Aphex Twin: Collapse EP

Collapse is wildly unpredictable and compelling.

Aphex Twin: Collapse EP

3.75 / 5

Richard D. James remains a willful, breakbeat-creating weirdo who makes alien music with better craftsmanship than most producers out there, but we’ve reached a place as a digital culture where he can release Aphex Twin music in a way that seems to match his restlessness. SoundCloud has afforded James the opportunity to directly release as many songs as he’d like, but it also allows him to subtly wink at the impermanence of the internet by regularly creating new accounts, uploading piles of new and old music and then deleting it all. The problem is, in the four years since he returned from hiatus, this practice seems to have replaced more conventional studio releases. Because of this, any “proper” Aphex Twin release—no matter the length—feels like a gift.
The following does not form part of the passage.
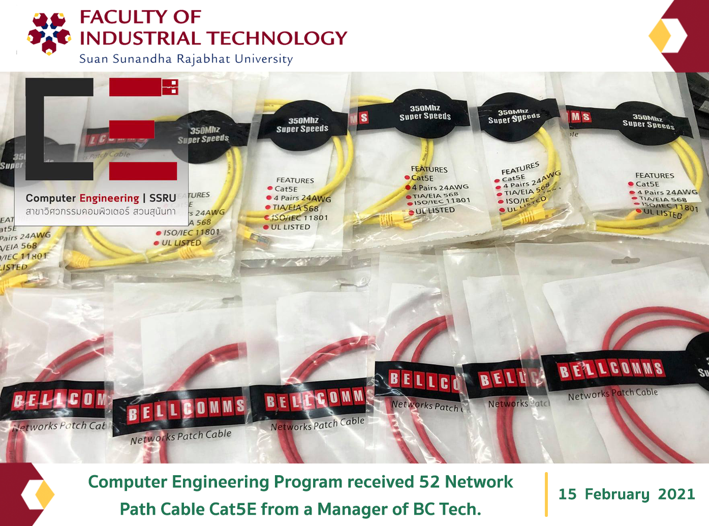 February 5, 2021 Computer Engineering was awarded Network Path Cable Cat5E from Manager of BC Tech, 52 lines to be used as teaching materials in related courses. In Computer Engineering, we highly appreciate this opportunity.

At first, Collapse, his newest five-track EP, can feel inessential. Opening track “T69 collapse” is a jumbled rush that feels like a by-the-numbers Aphex Twin song—at least, it does for about one minute until the entire mood of the song shifts, and then shifts again later. These drastic shifts in tone are where the magic of Collapse lies: though only five tracks, the EP makes great strides in feeling like a full album’s worth of songs. James is more restless than normal here, and it suits him well: he flits in and out of moods and atmospheres, never repeating the same phrase twice, which is both initially disorienting and ultimately deeply satisfying. What could be a throwaway collection proves to be another reminder of his continued strength as a musician, and how much he can accomplish in just five tracks.

“1st 44” dazzles by being less outwardly flashy: it’s a heady trip full of skittering beats that sound so crisp, you have to wonder how long James spent polishing each of them, and he pairs them with rich, deep bass tones that represent some of the most aurally pleasing sounds in the Aphex Twin catalog. The song begins to gain speed as it progresses, but its tempo never gets especially fast. And, like the best Aphex Twin songs, hours could be spent studying the way the track moves, and how it’s never quite menacing but still produces a minor air of an unknown danger. James is remarkable in how easily he can unsettle the listener without a single word spoken, which is part of what makes “1st 44” the best song here.

And yet what’s most remarkable about Collapse is that every one of these songs are as worthy of granular examination as “1st 44.” “MT1 t29r2” matches the aforementioned track’s tone before pulling back and growing more severe, and then nearly everything drops out, replaced by the sounds of a synthesized harp, twinkling alongside an insect-like rat-a-tat. This mode repeatedly invades and retracts, keeping the listener off balance. Meanwhile, “abundance10edit[2 R8’s, FZ20m & a 909],” with its unsettling ghost voices echoing against James’ 909 beats, then pulls us back into a place of bass-heaviness, briefly trying on a classic dubstep warble just long enough to make one wish he’d use it just a little bit more, before immediately dropping it. We end on “pthex,” the shortest track of the bunch. It brings the album back up to a more exhilarating speed, but an unsettling tone glides through beneath its driving beat, making the song feel sickly and haunted. We’re treated to a 22-second grinding halt, before he sends the listener careening into the classically Aphex Twin rush that “T69 collapse” only flirted with. Past this, he plays with ebb and flow in a way that feels like a victory lap—here to remind you that he’s still Richard D. James, and he’s still remarkably good at what he does.

Chances are, no matter the technology used, Aphex Twin will never again reach the prolific heights he displayed in the ‘90s. Quantity isn’t everything, though, and at just shy of half an hour, Collapse is wildly unpredictable and compelling.